# we are going to be parents.



## angel_lass (Sep 10, 2008)

Omg I cannot believe we came this far we were approved today for one child 0-2   we are both so happy. Panel members were lovely but God was I nervous I came out in a rash   that has never happened to me before and I have been through some serious stuff in my life lol    . Good luck to all those waiting to go, now the hard but.......waiting   x


----------



## Miny Moo (Jan 13, 2011)

Congratulations, hope you are not waiting to long to find your LO X


----------



## Primmer (May 1, 2012)

Congrats - enjoy your celebrations and hope you can get matched quickly


----------



## becs40 (Apr 9, 2013)

Congratulations! You must be so excited. 

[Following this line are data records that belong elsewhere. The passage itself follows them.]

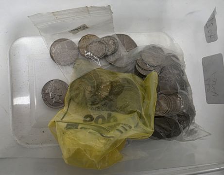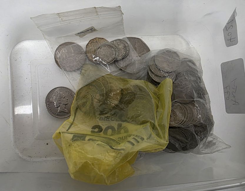 Collection of British coins mainly pre-decimal including a George V silver 1921 and 1922 florins, nine George V sixpence coins, nine George V threepence coins, various other coins and two banknotes
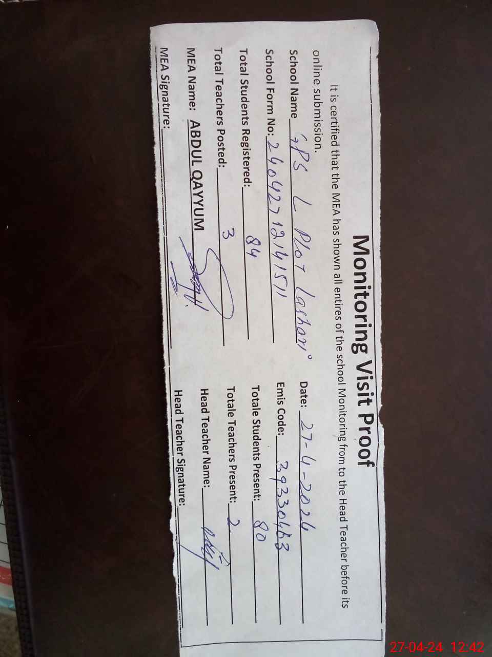 | EMIS Code: 39330463 | Name of School: GPS L-PLOT LASHARI | |||
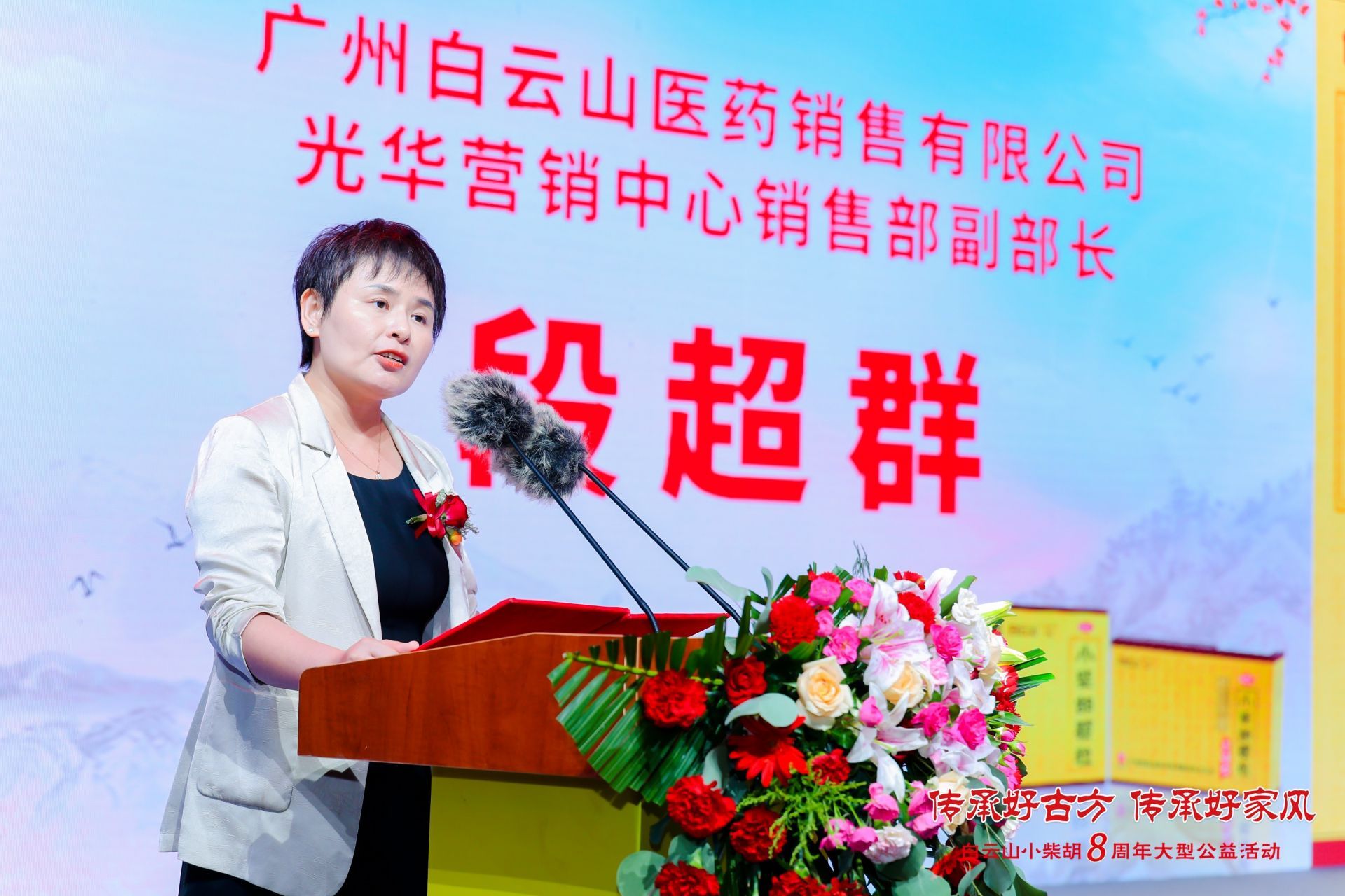 广州白云山小柴胡领导段超群女士为此次活动做精彩致辞,点明了活动的主题和核心。白云山小柴胡“传承好古方 传承好家风”公益活动已连续举办8年在广东、广西、湖南、江西、河南、湖北、云南、山东等多个省区举办,通过活动向大众宣讲好家风故事200多个。
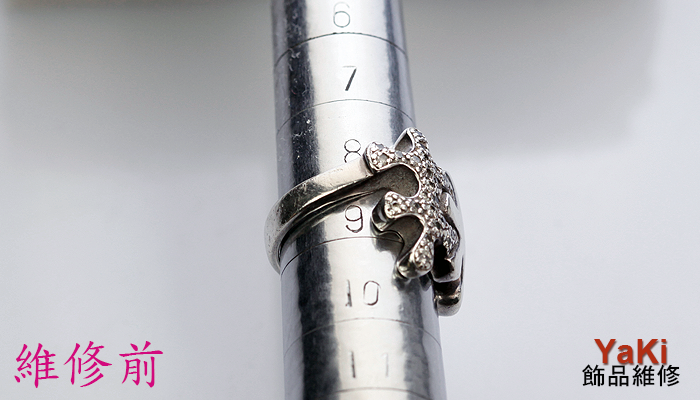 因客人手環長期配戴過程皮繩表面刮傷磨損嚴重,要請師傅重新更換新的皮繩,就請YAKI師傅幫忙維修。

I'm just sat here nervously waiting for our initial sw visit to see if we can go forward. Nervous enough at this let alone panel. Hope you're matched quickly.


----------



## Cornish pixie (Jan 31, 2014)

Congrats, hope your wait isn't too long x


----------



## mamu (Mar 16, 2013)

That's fantastic! Congratulations!!


----------



## Macgyver (Oct 27, 2008)

Congratulations angel-lass


----------



## oliver222 (Oct 8, 2009)

Congrats hope you get a match quickly.


----------



## tigerbabe (May 26, 2011)

congrats  feels great being approved doesn't it? now the waiting game x


----------



## Mummy DIY Diva (Feb 18, 2012)

Fabulous news Mummy in waiting x x x


----------



## Belliboo (Dec 23, 2007)

Congratulations hope your not kept waiting long for a match xx


----------



## Waiting_patiently (Dec 4, 2013)

Wow congratulations, enjoy the celebrating  xx


----------



## flickJ (Feb 9, 2012)

Congratulations,  fabulous news,  hope you get a match soon


----------